На полном серьёзе меня допытывали, не притворяюсь ли я. 

Я, не притворяясь, заплакала. 

Мне было страшно. А меня обвиняли во лжи… 

Так, наверное, себя чувствует изнасилованная женщина на допросе в полиции: ей плохо, ей страшно, её тело как чужое, а ей задают вопросы, в том числе и на тему, а не сама ли она это всё устроила… Ужас. 

Первые два дня после выхода из комы меня так лихорадило от страха, что Роберт Германович назначил мне успокоительные в уколах. Я вырубалась и только так успокаивалась.  Вот такой каламбур, да.

Сейчас мне в какой-то степени легче. Я не боюсь. Я в депрессии. 

Но разве это кто-то понимает… 

Папа молча погладил меня по руке. А ведь мы никогда не обнимались, подумала вдруг я. Ни с ним, ни с мамой.  В нашей семье не были приняты "телячьи нежности". Хорошие отношения, но без лобзаний и объятий. Я жиладвадцать пять лет и даже не задумывалась о том, что живу, по сути, в мире без объятий и поцелуев. В мире без любви...

Макс. 

С ним у нас не платонические, конечно, отношения. А какие? 

Когда-то мы целовались при каждой встрече. И в губы, и не могли оторваться по несколько минут друг от друга. Когда-то нам хотелось спать в обнимку и дотрагиваться друг до друга при каждом подходящем и неподходящем случае. 

Когда это стало растворяться, уходить из наших отношений? 

Поцелуи стали беглыми, дежурными при встрече. Секс привычным. Удобный сон первичным. 

Никого ничего не напрягало. Мы по-прежнему были, как мне казалось,  близкими людьми. Ведь это только  в начале отношений бушуют страсти, а потом наступает штиль спокойных, ровных реакций друг на друга. Это ведь здорово, когда кто-то просто есть в твоей жизни и тебя не штормит . Я считала, что это и значит быть родными. Макс, похоже, считал так же. 

Мы отдалялись, вдруг прошибло меня озарением, а считали, что сроднились… 

Нет, нет. Я подумаю об этом завтра. Снова чего-то испугалась я. 

Папа заглянул мне в глаза:

— Юлька, ты, главное, не сдавайся. Это нервное. Психологическое, что ли. Ступор какой-то включился.
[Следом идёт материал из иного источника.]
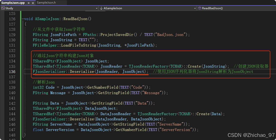 FJsonSerializer::Deserialize(JsonReader, JsonObject); //使用JSON序列化器将JsonString解析为JsonObject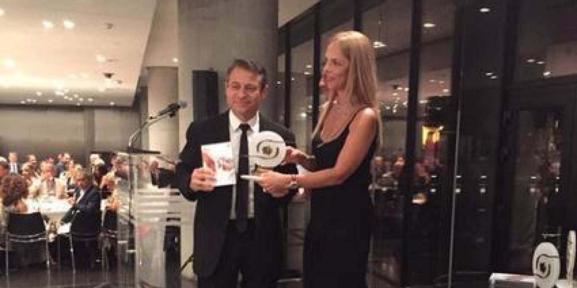 Ο Τζον Κατσιματίδης παραλαμβάνει το βραβείο και το γραμματόσημο από την πρόεδρο του Ιδρύματος, Ασπασία λεβέντη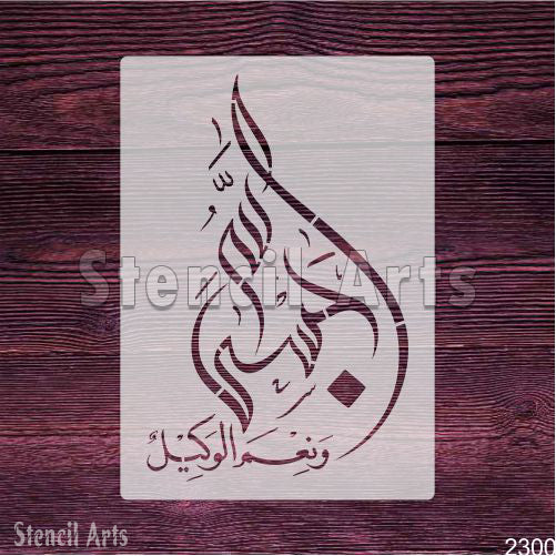 Hasbi Allahu Wa Ni’mal Wakeel Calligraphy Stencil – Islamic Arabic Stencil for Wall Art & Canvas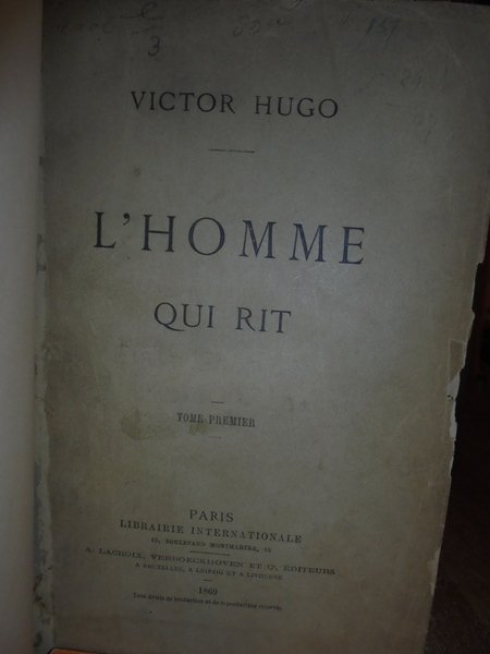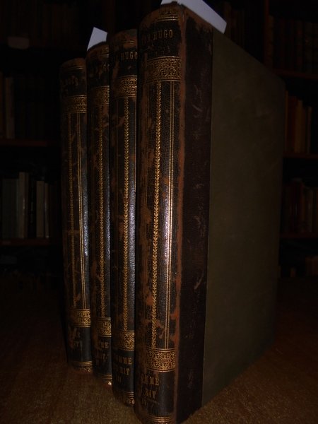 Victor, Hugo. Paris, Librairie Internationale18, Boulevard Montmartre, 15. A. Lacroix, Verboeckhoven et C, éditeurs a Bruxelles, a Leipzig et a Livourne, 1869. L' HOMME qui rit. 4 volumi in-8°, m. pelle coeva con fregi e titoli in oro nei dorsi. 419, (1) pp.; 334, (1) pp.; 324, (1) pp.; 420, (1) pp. Lievi spellature ai dorsi ma ben conservato. L'uomo che ride è un romanzo di Victor Hugo, pubblicato nell'aprile 1869. ÉDITION ORIGINALE française parue en même temps que l'édition belge chez Lacroix et Verboeckhoven à Bruxelles. Les grandes oeuvres littéraires de l'exil ont donné lieu, selon la volonté expresse de Victor Hugo, à des éditions doublées. L'une, imprimée à Paris, était destinée à la France, l'autre, publiée à Bruxelles, était réservée à l'étranger. Ces éditions étaient régies par un même contrat et Hugo tenait à ce qu'elles sortissent le même jour. « Cette oeuvre écrite dans la dernière période de l'exil à Bruxelles reflète, comme "Les Misérables", les préoccupations sociales qui avaient fait de Victor Hugo un homme politique, et sa passion, à la fois naïve et ardente, donne à ces pages un accent inoubliable. "L'Homme qui rit" est peut-être le roman le plus typique de Victor Hugo, celui dans lequel son goût pour l'antithèse est mis le plus clairement au service d'une idéologie. Un saltimbanque philosophe, un monstre à l'âme lumineuse, une orpheline aveugle d'une pureté exceptionnelle, une duchesse pervertie, tels sont les protagonistes de ce roman. L'action se passe en Angleterre, au temps de la reine Anne. [.]. L'évocation de la vieille Angleterre du début du XVIIIe siècle est loin de manquer de force : la brutalité populaire explose sous le vernis d'un orgueilleux raffinement. » Ottimo esemplare. Neg.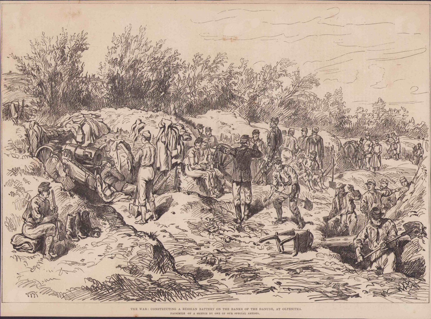 Sovyet ordusunun Tuna kıyısında siperlik inşasını yansıtan gravür, dergiden kesilmiş, 1877, 34x26cm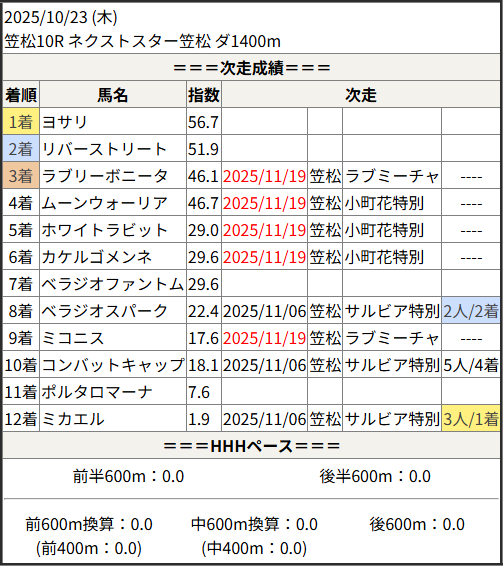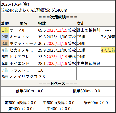 2025/11/19 笠松4R 枡谷佳幸真紀銀婚式お:結果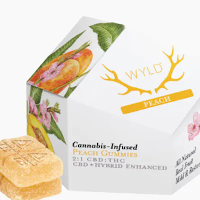 HYBRID: (10 x10MG : 5MG CBD) 100mg CBD:50mg THC per unit 10mg CBD:5mg THC per serv. New to edibles? Our Peach 2:1 CBD:THC gummies are made with more CBD than THC, making them a great option for easing into edibles. They are made with real fruit and enhanced with a balanced Hybrid terpene profile that may assist in creating a sense of ease and overall well being. It’s a little like a vacation for your body. Enjoy! Ingredients: Tapioca Syrup, Sugar, Water (H20), Peach Juice Concentrate, Gelatin, Pectin (Pectin, Sodium Citrate), Natural Flavoring, Coconut Oil, Citric Acid, Cannabis Extract, Sunflower Lecithin Contains: Coconut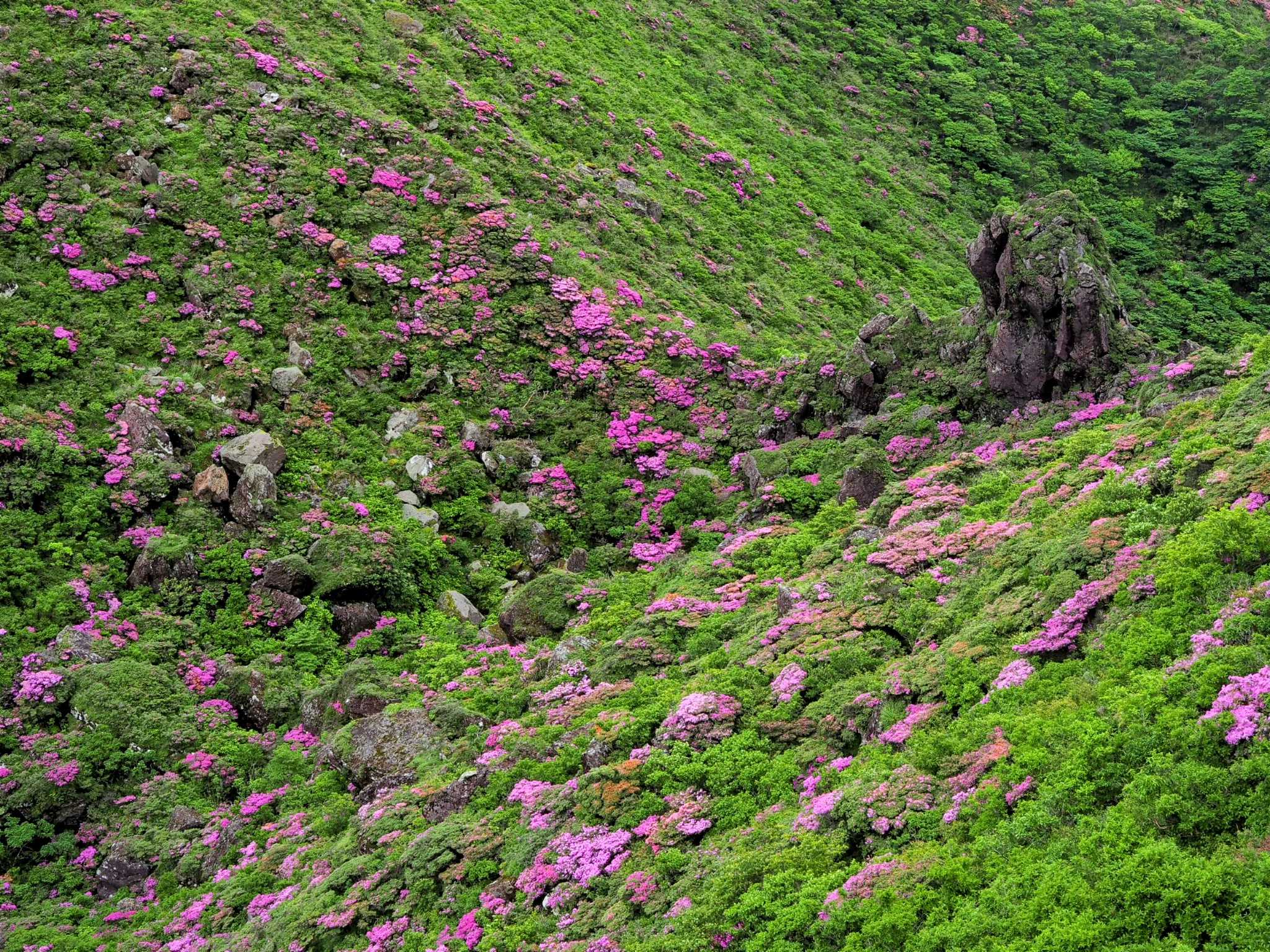 2025.6.17 由布岳 東峰〜西峰 ミヤマキリシマまだ見頃! #53(2758)今朝は、仕事を休んで由布岳へ。7:04、正面登山口をスタート。天気は曇り(のち晴れ)、気温22°C。牧場は相変わらず強風。ここからは登山道を登って行く。9:18、マタエ。ここはかなりの強風。一息ついてまずは東峰へ。今朝のミヤマキリシマ!マタエから上は、まだ見頃!西峰の取りつき地点の斜面東峰山頂直下から西峰を望む。東峰山頂で休憩した後は、マタエに戻り西峰へ。マタエから 青空に映えるミヤマキリシマ障子戸の岩場を通って西峰山頂へ向かう。雲がとれ青空が広がる、山頂から東峰を望む。西峰山頂からお鉢巡りの下り斜面を望む。今回は、お鉢巡りはせず、マタエに戻って下山することに。11:00、マタエから下山開始。12:25、牧場道から由布岳を振り返る。12:28、今日の山歩きの終了!今年もミヤマキリシマを楽しむことができて良かった!こちらはスタート時の由布岳山道沿いの草地で見つけた山野草稲森草 イナモリソウ、アカネ科 小さく可憐な花!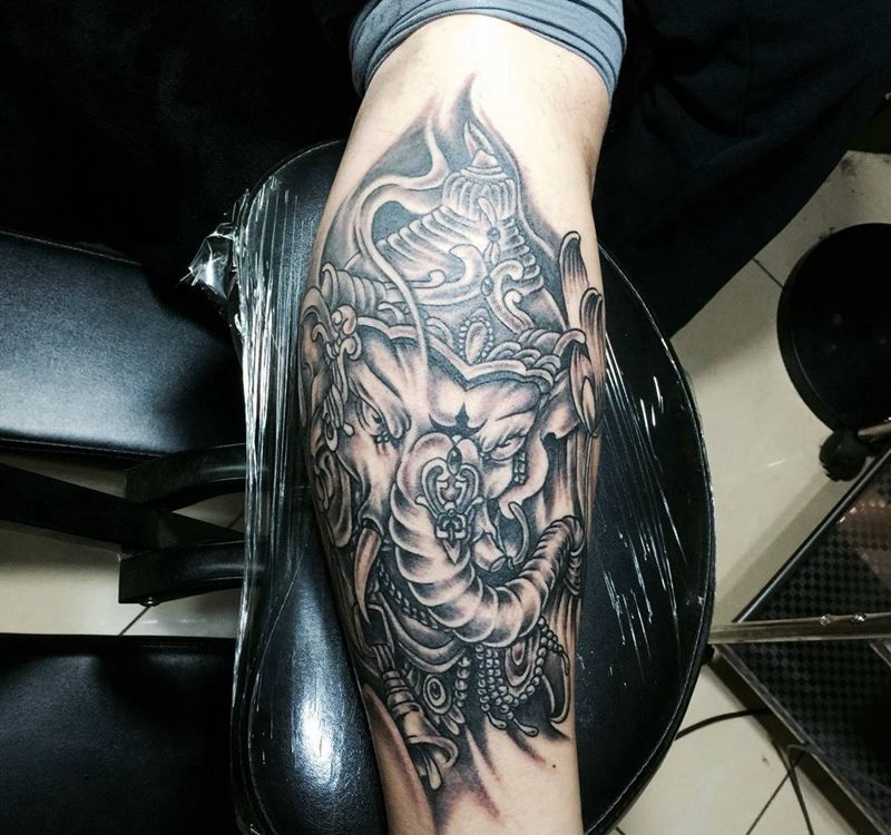 今日作品!彩色象神完成!纹身图片_成品腿部传统宗教动物纹身图案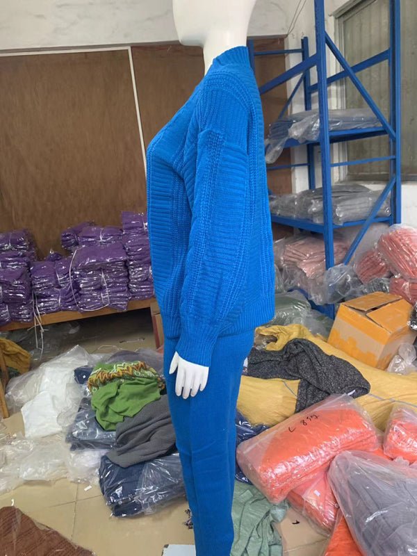 Women's Fashion V-neck Solid Color Suit Sweater + Knitted Pants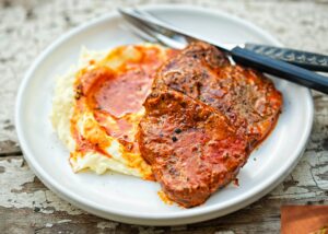 Reheating Instructions Heat steaks in a saute pan over medium heat until heated through, about 10 minutes, adding water if sauce gets too thick. Alternately you can heat in a microwave on high power, turning steaks halfway through cooking time. Heat mashed potatoes and broccolii in the microwave on high power until heated through.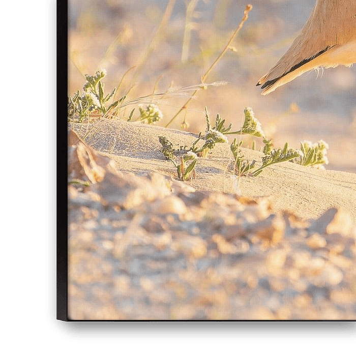 L'oiseau de course est un oiseau qui peut bien survivre dans un désert comme le Sahara. Je suis tombé sur cet oiseau dans le Sahara occidental au moment où la lumière du soir l'illuminait magnifiquement. Pour d'autres oiseaux du Sahara, voir : naturebylennart.com/birds-blog/birds-of-the-sahara.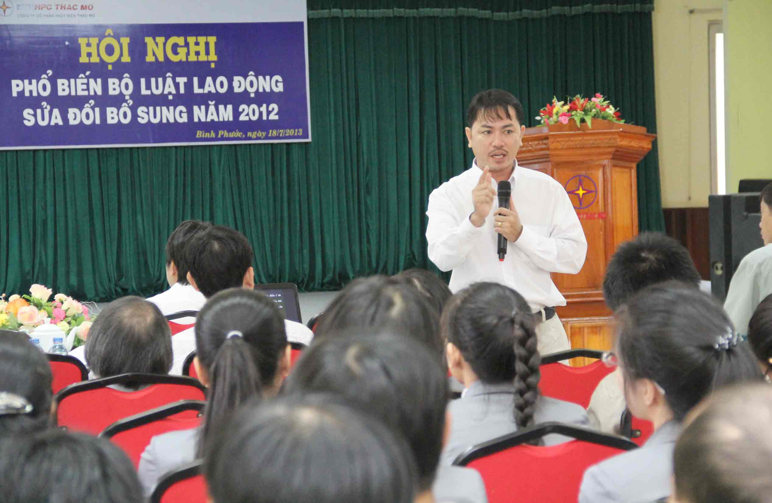 Cán bộ giảng dạy thuộc Sở LD-TBXH tỉnh Bình Phước đã thuyết trình, phổ biến Luật lao động sửa đổi, bổ sung năm 2012 đến Hội nghị. BLLĐ 2012 gồm 17 Chương, 242 Điều, có hiệu lực thi hành từ ngày 1.5.2013. Bộ luật tạo sự linh hoạt cho các DN; tạo thêm quyền hạn cho các cấp của địa phương trong việc giải quyết các tranh chấp về LĐ; một số thay đổi quan trọng trong BLLĐ 2012 liên quan tới tiền lương, thời giờ làm việc và làm thêm giờ; hợp đồng LĐ - trong đó có vấn đề về cho thuê lại LĐ, các hợp đồng, tuyển dụng và thôi việc…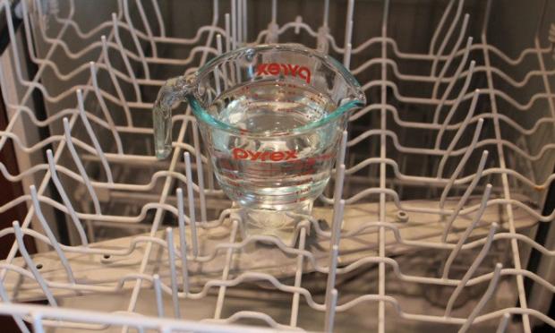 2. Τοποθετήστε ένα μπολ ή άλλο δοχείο στο επάνω ράφι. Γεμίστε το με λευκό ξύδι. Μην βάλετε τίποτα άλλο μέσα, κλείστε την πόρτα και βάλτε το άδειο πλυντήριο πιάτων να εκτελέσει έναν πλήρη κύκλο πλυσίματος στην ρύθμιση με το πιο καυτό νερό.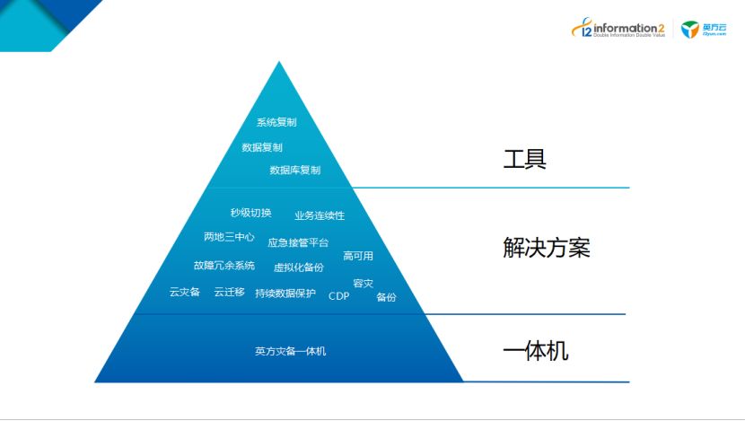 除了智能化之外,数据管理则是灾备边界的延伸。从硬件存储到软件定义存储,再到对象存储管理,数据量的持续增加带来的管理难题给存储行业带来了新的变化。数据灾备也已成为各行各业IT资产保护的标配,灾备建设呈现出普及化、规模化的特点。基于行业的特点,英方独有的先进的灾备技术和开放的生态理念,可以满足不同用户在不同灾备层级、不同交付模式的需求。
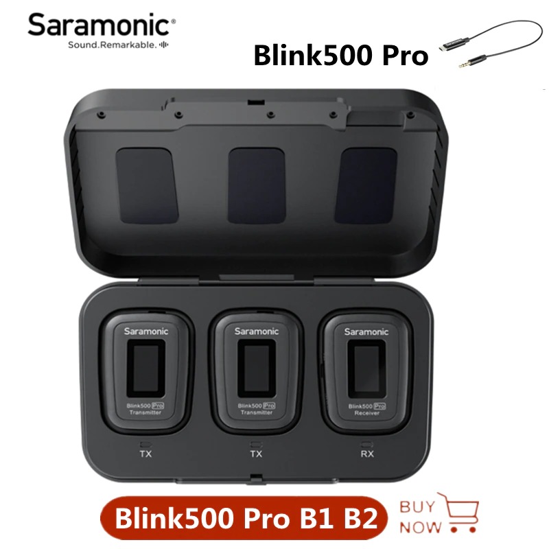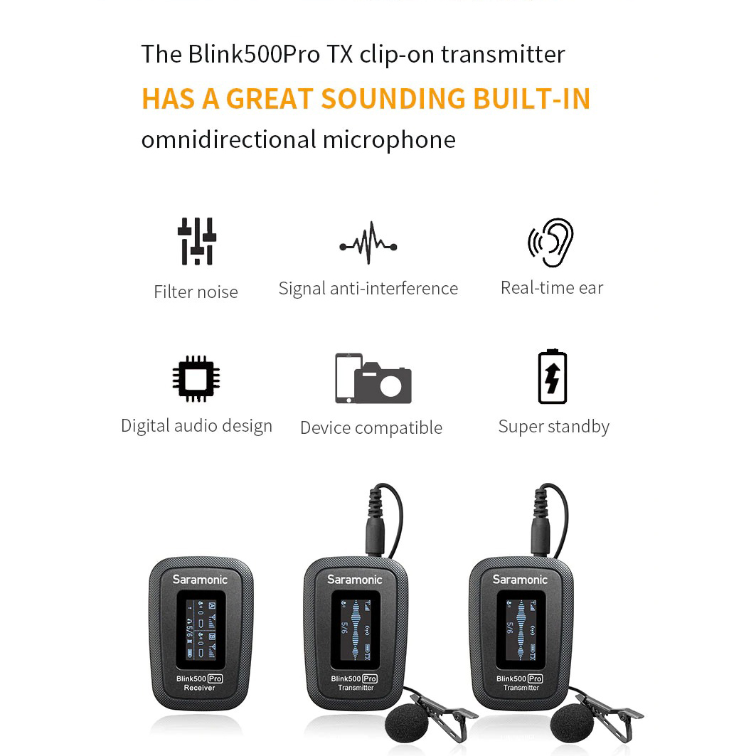 Saramonic Blink500 Pro B2 Saramonic Blink 500 Pro B2(TX+TX+RX) là bộ Microphone không dây tiện dụng, nhẹ, nhỏ gọn, dùng cho máy ảnh DSLR, Mirrorless và máy quay phim, hoặc các thiết bị di động, mang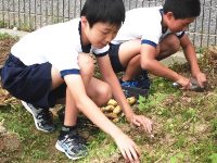 理 科:じゃがいもの葉のデンプン反応実験が終わったので、収穫しました。給食に使用されます。
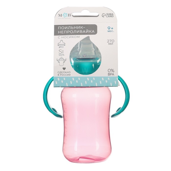 Поильник - непроливайка детский с мягким носиком, 270 мл., с ручками, цвет розовый/бирюзовый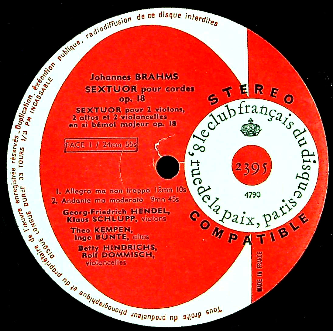 商品コード:1405-064[Club Français] サロワール六重奏団/ ブラームス:弦楽六重奏曲1番Op.18, 弦楽六重奏曲2番Op.36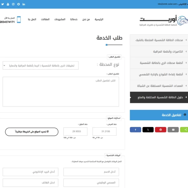 مشروع موقع اوربت للطاقة الشمسية الذي نفذته شركة جبوس لتطوير الأعمال، يُعد نموذجًا متميزًا لبراعتنا في تطوير حلول الويب المخصصة. تم تصميم هذا الموقع لشركة متخصصة في خدمات وحلول الطاقة الشمسية، حيث يُبرز الموقع كفاءة وابتكار الشركة في هذا المجال. نُركز في تصميمنا على توفير تجربة مستخدم سلسة وتفاعلية، مع مراعاة أحدث معايير الجودة والأمان. يحتوي الموقع على ميزات متقدمة مثل أنظمة إدارة المحتوى الديناميكي والتكامل مع أنظمة الطاقة الشمسية لعرض البيانات الحية. كل هذا مدعوم بتصميم جذاب ومتجاوب يضمن توافق الموقع مع مختلف الأجهزة والمتصفحات، ما يعكس التزامنا بتقديم حلول تقنية تلبي احتياجات عملائنا بكفاءة وفعالية.
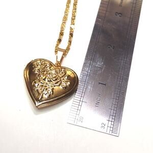 1 1/4 in. Elegant Rose Heart Locket Pendant With 24 in. 18k Gold Plated Necklace Chain & Complementary Drawstring Gift Bag.

Как включился, так и отключится. Вернётся всё. И заговоришь, и руками замашешь. Тебе же книжки твои писать надо, истории рассказывать. Ты же мне говорила, что пишешь, а так и не прислала ссылку, где почитать.

"Женские романы, тебе неинтересно будет ", – передразнил якобы меня. – Да мне всё про тебя интересно! Моя дочь – писательница! Ты думаешь, я не горжусь? Да я на работе всем растрындел и все восхищаются! Да, а ты как думала? У одного сын бездарь, у другого дочь третий раз замуж скачет, двое детей от двух браков, ни образования, ни ума…  а у меня дочка книжки пишет! 

Папа даже плечи расправил. 

Папка… Работящий, простой человек. Автомеханик и дальнобойщик. После развода и переезда в другой город, открыл свой бизнес по перевозкам и ремонту фур. Бизнес открыл, но бизнесменом так и не стал. Всё такой же открытый, не высокомерный человек.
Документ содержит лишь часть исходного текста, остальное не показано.